Now all roads lead to France and heavy is the tread
Of the living; but the dead returning lightly dance.
Edward Thomas, Roads

Tuesday, August 8, 2023

The Weekly War: How The Saturday Evening Post Reported World War I


Edited by Chris Dubbs and Carolyn Edy
University of North Texas Press, 2023
Courtland Jindra, Reviewer




In our increasingly fractured media environment where people tend to go into their different media silos for entertainment, news, and culture, it may seem strange that a magazine sought to be the main source of news and culture to “average” America. The Saturday Evening Post of the early 20th century attempted to appeal to, and influence the opinions of, middle America. While the rich city dweller might subscribe to Harper's Weekly, your typical American in what we'd now term "flyover country," had seen nothing like this until Cyrus Curtis bought the struggling newspaper in 1897. Curtis converted the publication to a magazine, hired the ambitious young editor George Horace Lorimer, and together they'd turn The Saturday Evening Post into a juggernaut that appealed to middle class Americans, with everything from short stories by popular authors, to in-depth articles about famous newsmakers of the day, pieces on business and sports, recipes, reviews of theater, and so on. Basically, it was a one-stop shop for a bit about everything going on in the country at the time.
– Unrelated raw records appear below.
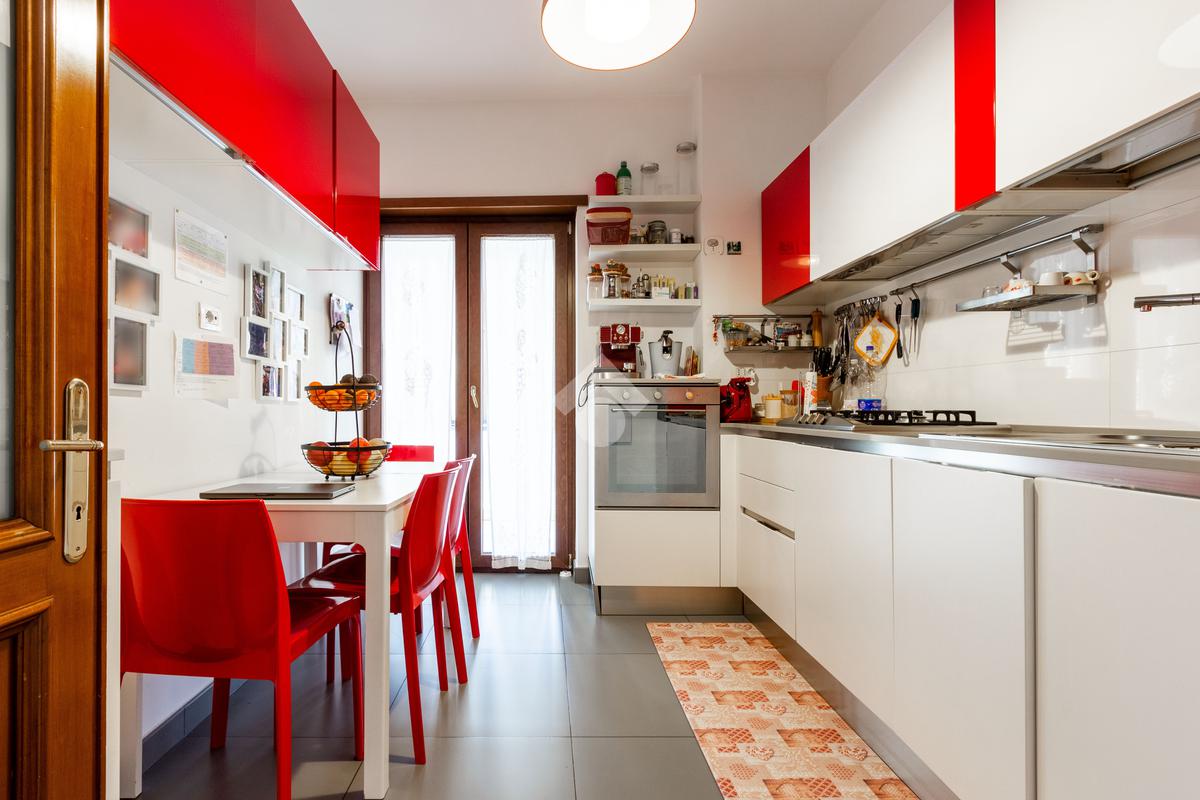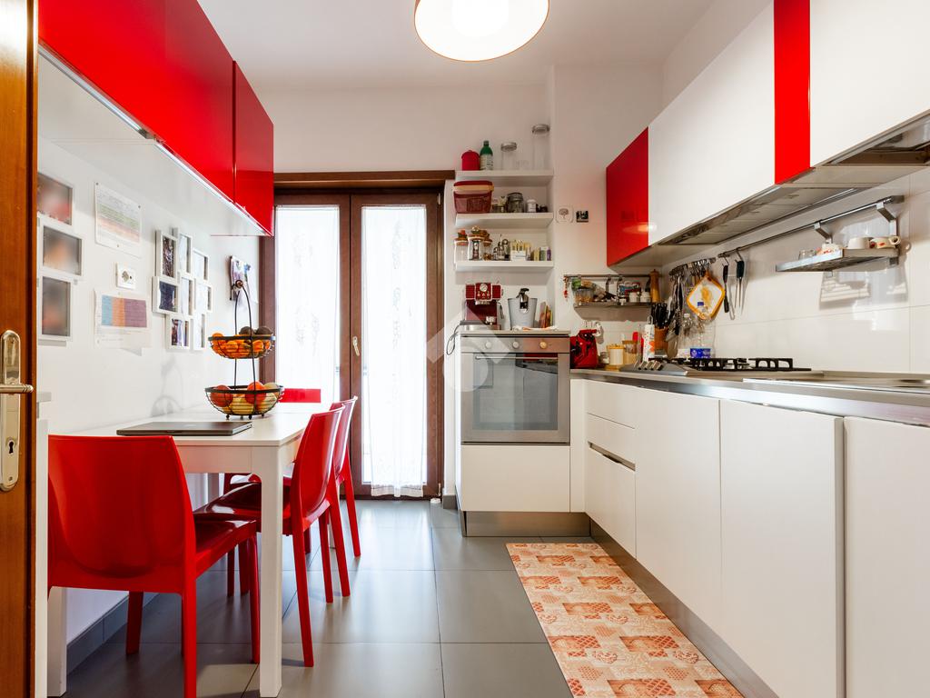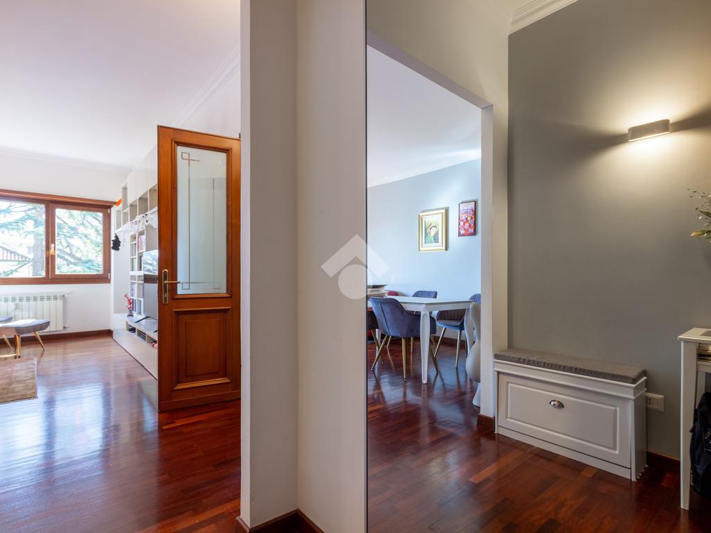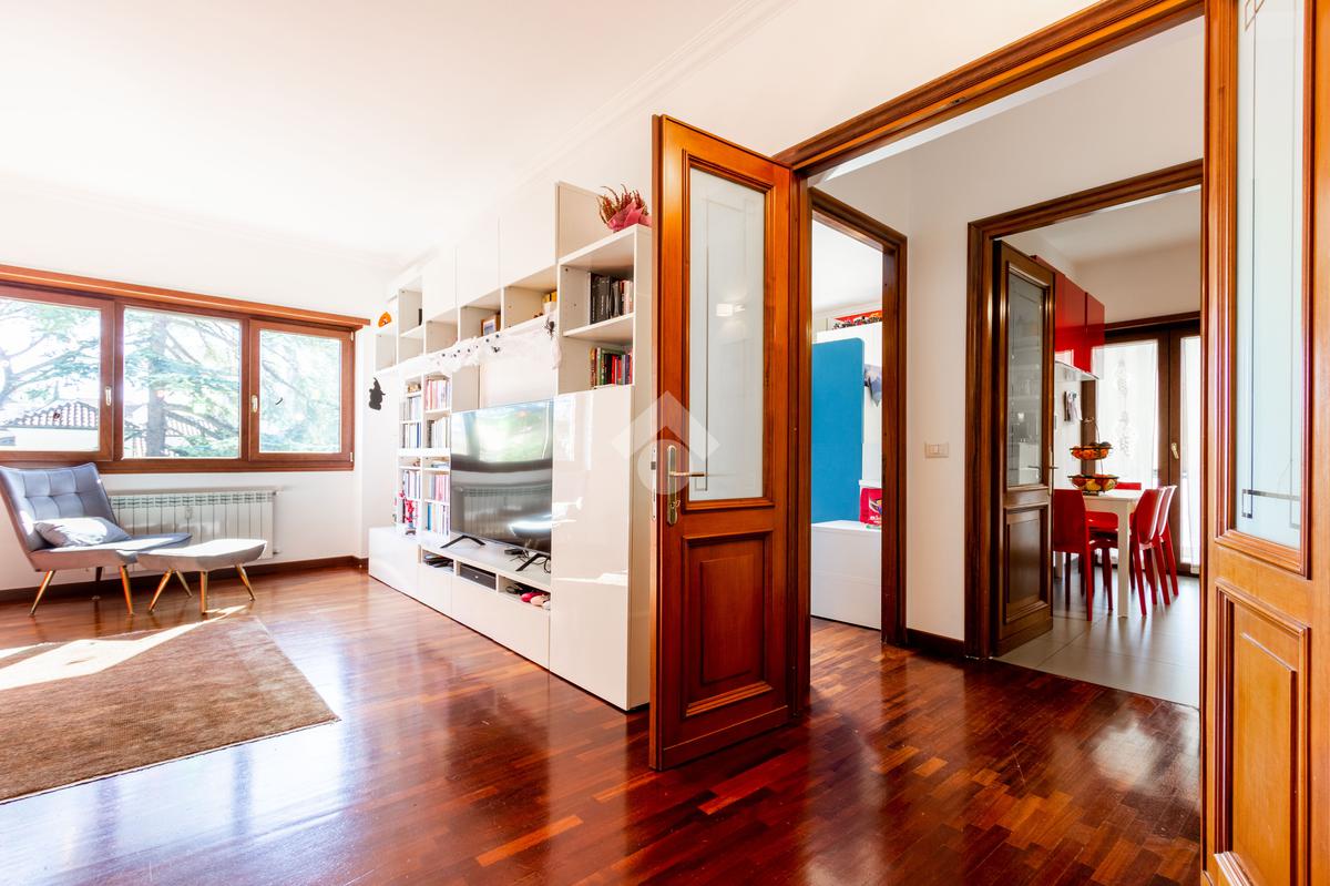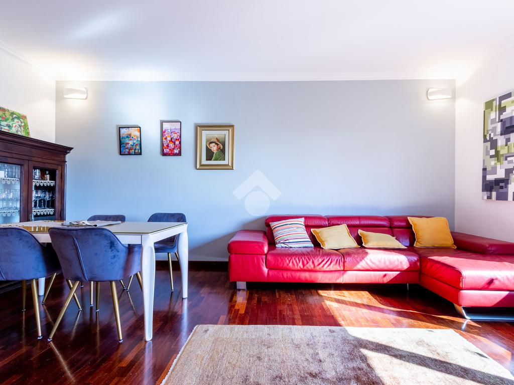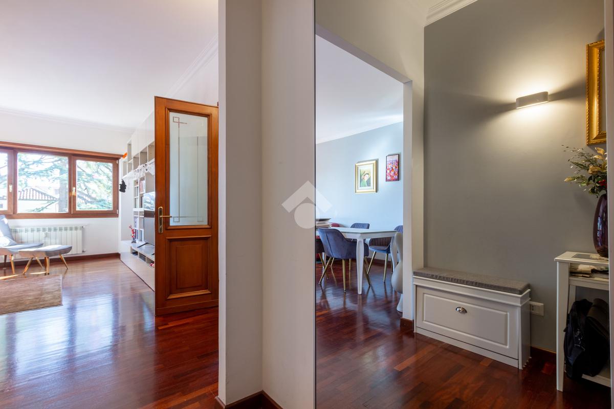 L'appartamento si presenta in ottimo stato interno: pavimenti in parquet (ad eccezione di cucina e servizi) e finiture curate.
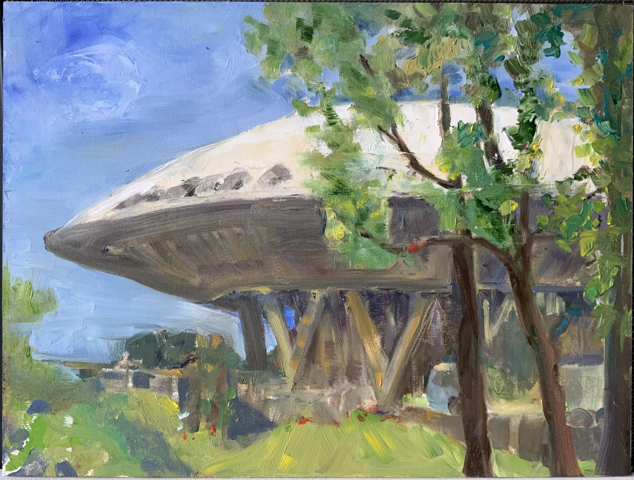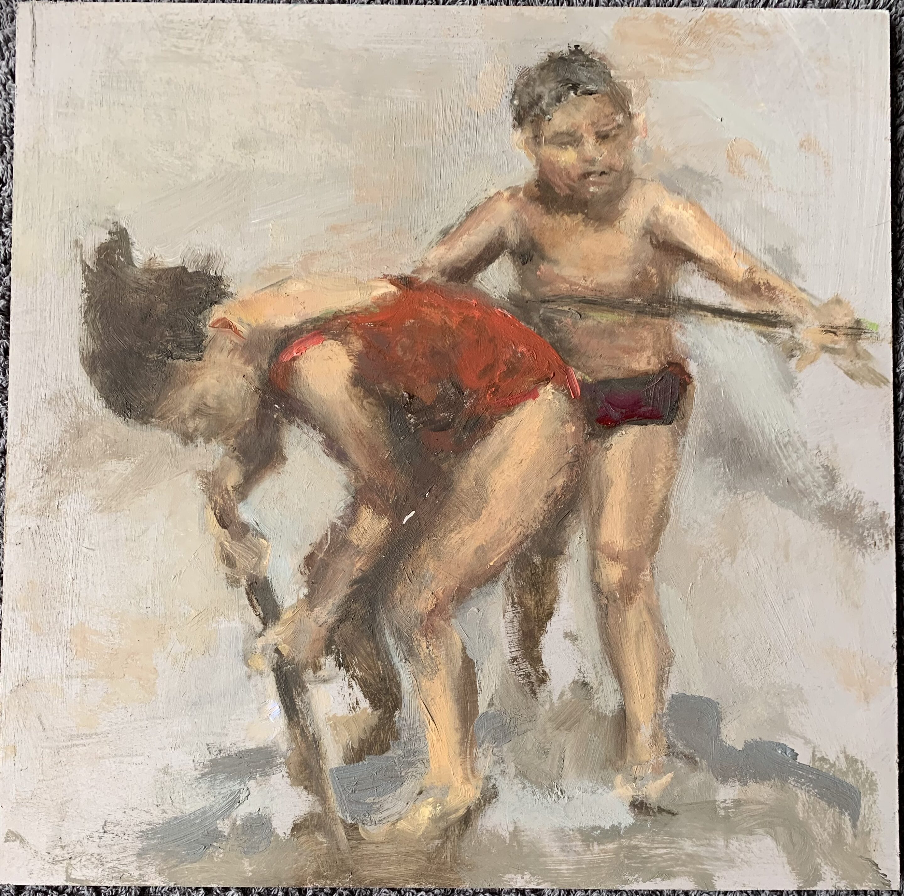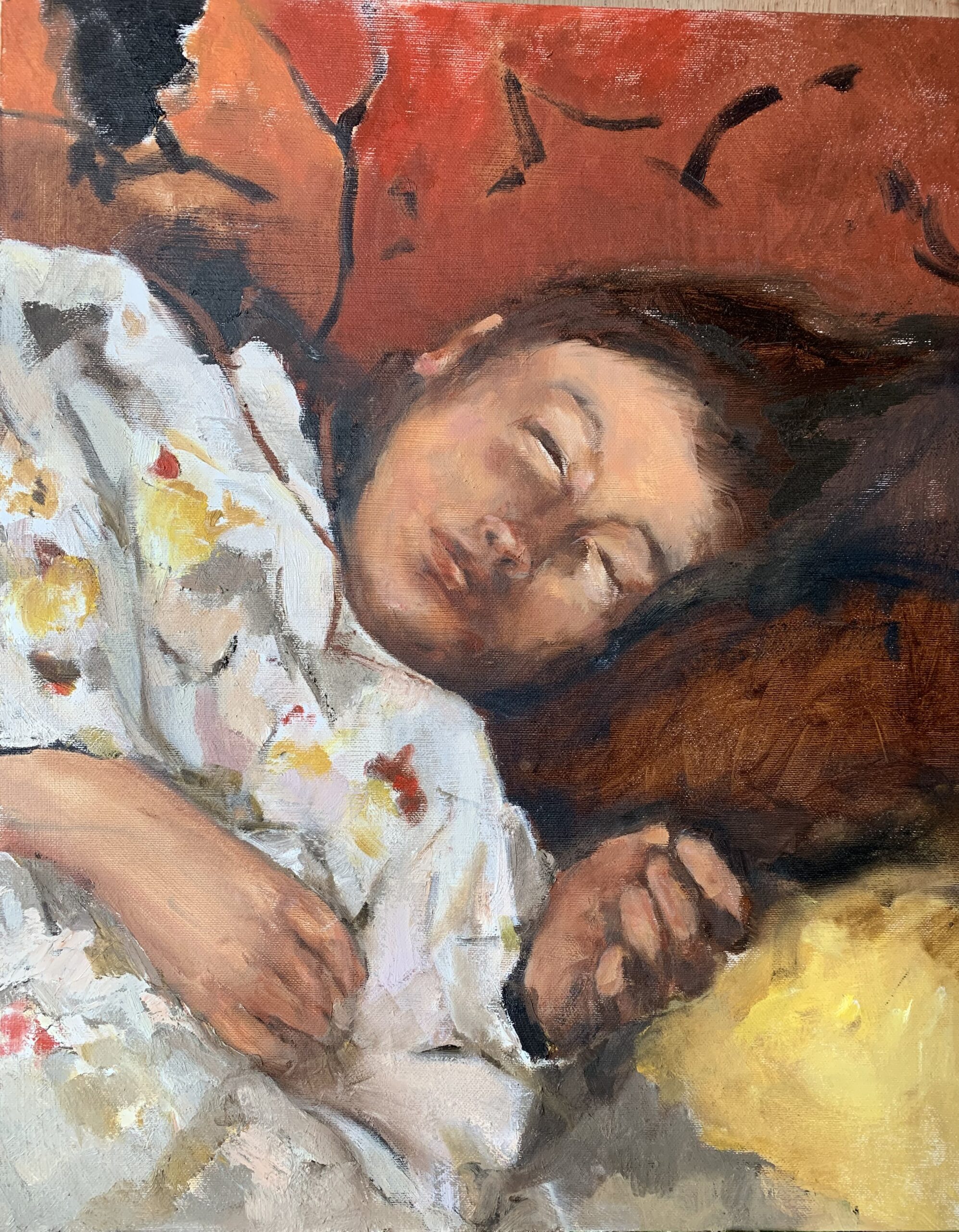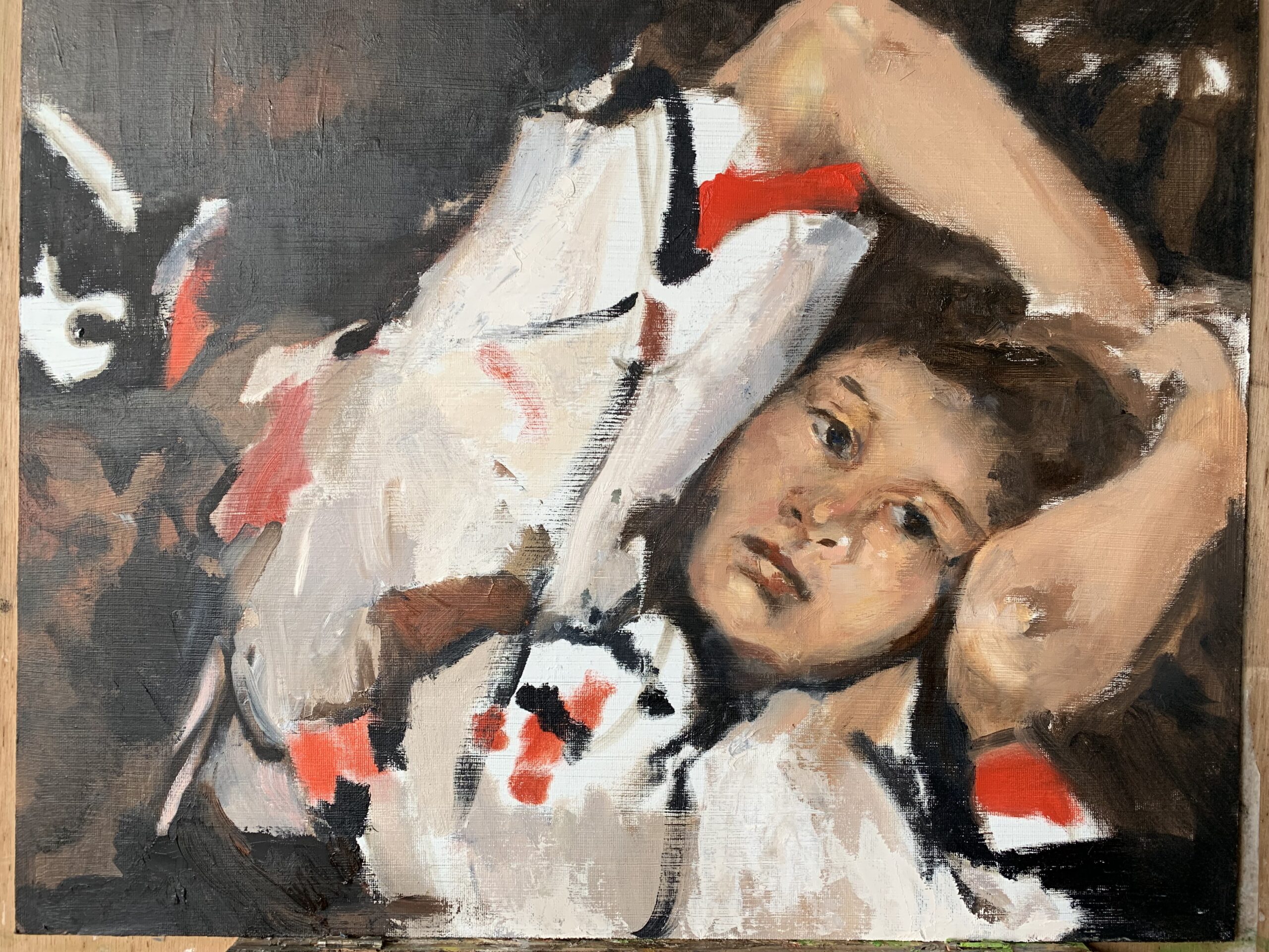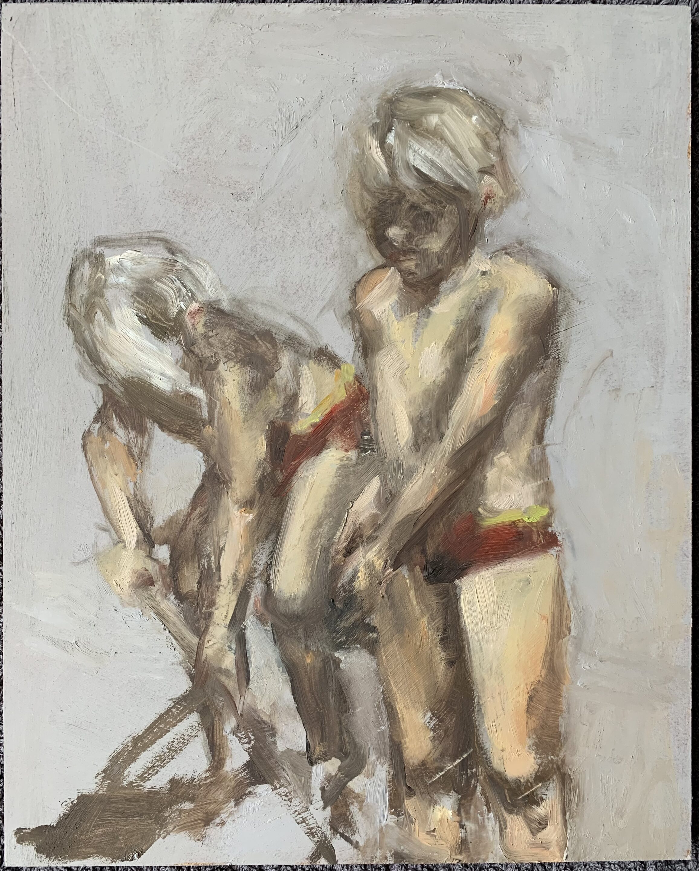Sinds 2024 werk ik met acrylverf, voornamelijk omdat het praktisch is om het werk meteen droog mee te nemen in een reismap. De map is ook de reden dat het meeste van mijn werk een afmeting heeft van 40 cm bij 60cm.
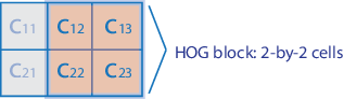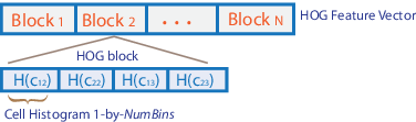 возвращает извлеченные элементы HOG из входного изображения цвета или оттенков серого, features = extractHOGFeatures(I)I. Элементы возвращаются в векторе 1-by-N, где N - длина элемента HOG. Возвращенные элементы кодируют информацию о локальной форме из областей изображения. Эту информацию можно использовать для многих задач, включая классификацию, обнаружение и отслеживание.
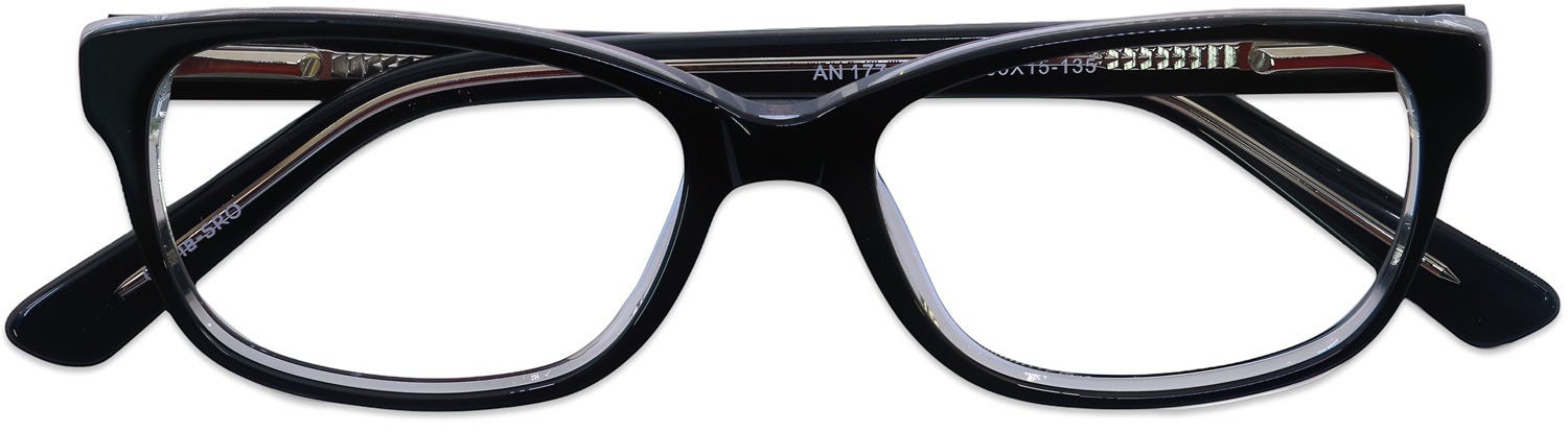 Kids Eyeglasses 185489 are strikingly sophisticated rectangle frames featuring an elegant full-rim construction. These spectacles perfectly complement your child's wardrobe with their refined silhouette, showcasing a captivating front profile and sleek flat temples. The distinctive black-clear finish creates exceptional visual appeal and modern contrast. Crafted from durable yet featherweight TR-90 material, these frames incorporate spring hinges to ensure comfortable all-day wear. Purchase these glasses at the best prices with the promise of a quality customer experience.
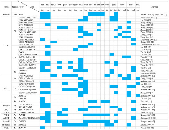 Zeng C, Jiao Q, Jia T, Hu X. Updated Progress on Group II Intron Splicing Factors in Plant Chloroplasts. Current Issues in Molecular Biology. 2022; 44(9):4229-4239. https://doi.org/10.3390/cimb44090290

When war clouds gathered on the horizon in the summer of 1914, Lorimer decided he should send correspondents to Europe to cover what might prove to be the biggest story of the age. The Saturday Evening Post did not usually have staff writers as such—the magazine depended on people to submit their work freelance—but Lorimer changed his mind during the war and worked on getting writers overseas so they'd give him stories that he was sure the public would be interested in. Once the shooting started in late July, his prescience was duly rewarded. Lorimer had people on the ground from practically the earliest days of the fight. Hundreds of articles would be written during the next five-and-a-half years about the conflagration and its aftermath. Most would focus on the Western Front, but the magazine would run pieces from Russia, Serbia, Italy, the Ottoman Empire, pretty much anywhere there was a good yarn to tell. 

This anthology, put together by Chris Dubbs and Carolyn Edy, cherrypicks 33 essays and columns from four distinct periods of the war (early days, the lead up to U.S. engagement, Americans in the fight, and after the war) to give a flavor of how the entire conflict was covered. Chapters before each section also discuss some of the memorable events and stories that were published at the time but not included in the anthology proper.




Several of the writers are included multiple times in the volume since the Post's correspondents (few of whom had ever actually covered a war before) wrote numerous articles from the afflicted countries. Most articles are quite memorable, with wonderful turns of phrase and imagery. They're occasionally filled with humor but always a sense of pathos. In one, “Europe's Ragdoll”, Irvin S. Cobb describes how much Belgium suffered at Germany's expense. He describes a destroyed toy doll he saw that had been left on a random road:

Since then, I have seen many sights. Some were dramatic and some were pathetic and nearly all were stirring; but I still recall quite clearly the little picture of the forks of the Belgian road, with a background of empty fields and empty, wrecked houses, and just at my feet the doll, with its head crushed in and the sawdust spilled out in the rut the ongoing army had made. And always now, when I think of this, I find myself thinking of Belgium.

Another, “Ward Eighty-Three” by Elizabeth Frazier, documented time she spent as a volunteer nurse at a French hospital. In one vignette she discusses a Frenchman who denigrated the Croix de Guerre he had received. Later she noted:

It was not until several days later when I came upon him unobserved, poring over the official notice of decoration, and caught the look of pride, of emotion in the young face, that I really got the matter straight. Twenty-one is twenty-one the world over, and always hides its loves.

In covering the Balkans, Herbert Corey noted in an article titled “An Army of Homesick Old Men” when the Allied offensive was reclaiming territory that:

Then the French did one of the graceful things they can always be counted on to do. “This," said the officer in command, "is an old Serbian town. The Serbs shall be the first to enter."

There is a piece describing the ongoing Armenian Genocide and one from an observer of the signing of the Versailles Treaty (and how anti-climactic is all seemed). I could probably pull quotes that have stuck with me from nearly all of the selections, but I think “Ruins” (again by Elizabeth Frazier) describing the devastation of eastern France culminates both the tragedy of war and why France was so adamant that Germany had to suffer in its aftermath:

During the war certain German potentates had openly avowed their intention to "strike France to the heart for fifty years." Beholding the systematic destruction, it seemed as if they had done it.

All in all, this is a well-curated tome and a must-have for a lover of long-form writing from the era.

Courtland Jindra

1 comment:

  1. This sounds like a very good survey of the war from, as you say, that mainstream US view.